Carlie Pendleton: Speaking from my own personal fat, queer perspective, queerness has offered me not only an academic way of viewing myself, my identities and my environment, but a path to creating a more liveable world for everyone. To queer, as a verb, means to disrupt, to defy the binary. It shows you that it’s not about fat/thin, healthy/unhealthy, cis/trans, but about the mechanics of oppression that trap us into binary structures in the first place. Thus queer can and does extend beyond sexuality and becomes a, not the, way to liberate oneself from being regulated and disciplined by heteronormativity. 

In a similar vein, how do you see the intersection of gender and fatness? I’ve seen arguments explaining how fatness can impede gender expression and how it can liberate – which side do you fall on? 

Carlie Pendleton: The intersection of fat and gender is something else I explore in my research and was discussed by many fat activists in the past i.e. how does fatness change the way your gender is read? For example, the title of my upcoming talk, “Don’t assume I’m a Failed Heterosexual” comes from the Fat Dykes Statement written in 1989 at the National Fat Women’s Conference in London. It explored how fatness, in some ways, masculinised women, sometimes causing them to be read as butch or a “diesel dyke” even if that was not how they identified. 

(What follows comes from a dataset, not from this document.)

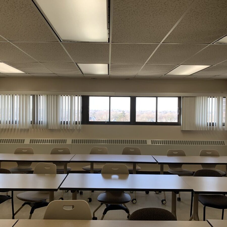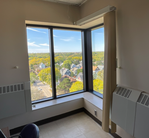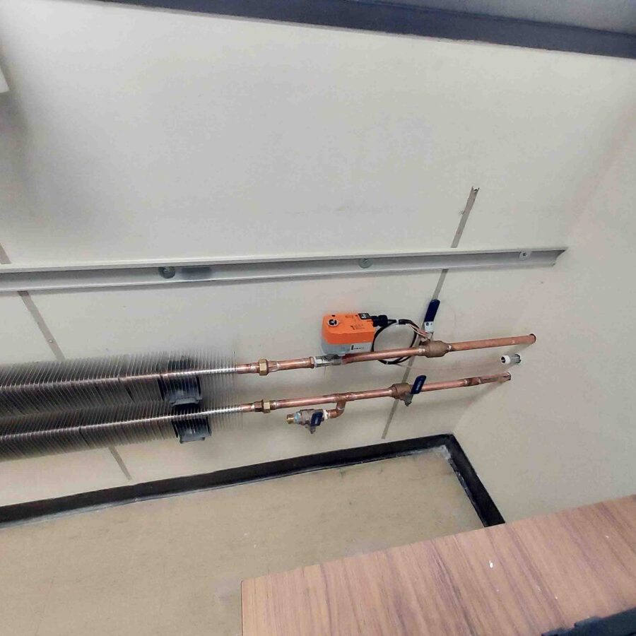One of the main goals of this project was to improve occupant comfort as air infiltration and failing window construction was causing issues within the building. Fin pipe radiation was added around the perimeter of the building to address cold issues at the exterior walls and additional zoning was added to improve occupant control. Additionally, at the four (4) corners of the building, the curtainwalls were completely removed and replaced with new, better performing windows to reduce water and air infiltration that users have experienced. Around the perimeter of the building, careful coordination and mock-ups were completed to determine the vertical pipe drop locations, fin pipe elevation above the floor, and color matching to ensure a complete installation to avoid conflicts with electrical outlets and existing conditions. This careful coordination eliminated the need to open any existing walls for new pipe drops to the fin pipe radiation.

I don’t think fat itself impedes gender expression, but rather there is a lack of access to clothing and material goods which allow fat people to play with and express their gender. There are also significant medical barriers for fat trans people seeking gender affirming care such as BMI limits for surgery. Having the privilege to explore my gender identity while doing this degree helped me to realise that I am genderqueer/trans. So much of how I expressed my gender outwardly in the past was in an effort to hide or apologise for my fatness, like having long hair and covering my stomach. I am also a medium fat (size UK 20) which means that I have many more clothing options compared to super and infinifats. 

Going back to historical moments in fat liberation, what are your personal favourite stand out moments you discovered in your research?

Carlie Pendleton: I think the creation of the Fat Dykes Statement in 1989 is still one of my all time favourites. It’s such a rich resource which covers loads of angles on fatness like gender, sexuality, race, disability, age. Also discovering the EXACT issues of the Leeds Women’s Liberation Newsletter in the Feminist Library in London was like finding buried gold. The July 1982 issue is still the earliest example I’ve been able to find on fat liberation in the UK. 

Finally, there’s a great quote from Carmel Lough, a fat activist from Hull in the 1980s and 1990s, in the September 1994 issue of Fat News. Writing about her disappointment at how fat women were being exploited by expensive, plus-size brands, and how capitalism was distracting fat women from more vital issues, she said: “Now beat me with a bar of Bournville if I’m wrong, but how does this further the cause of fat acceptance?” And I don’t know, it just made me laugh! It still does. She is just so done, and it’s extremely relatable.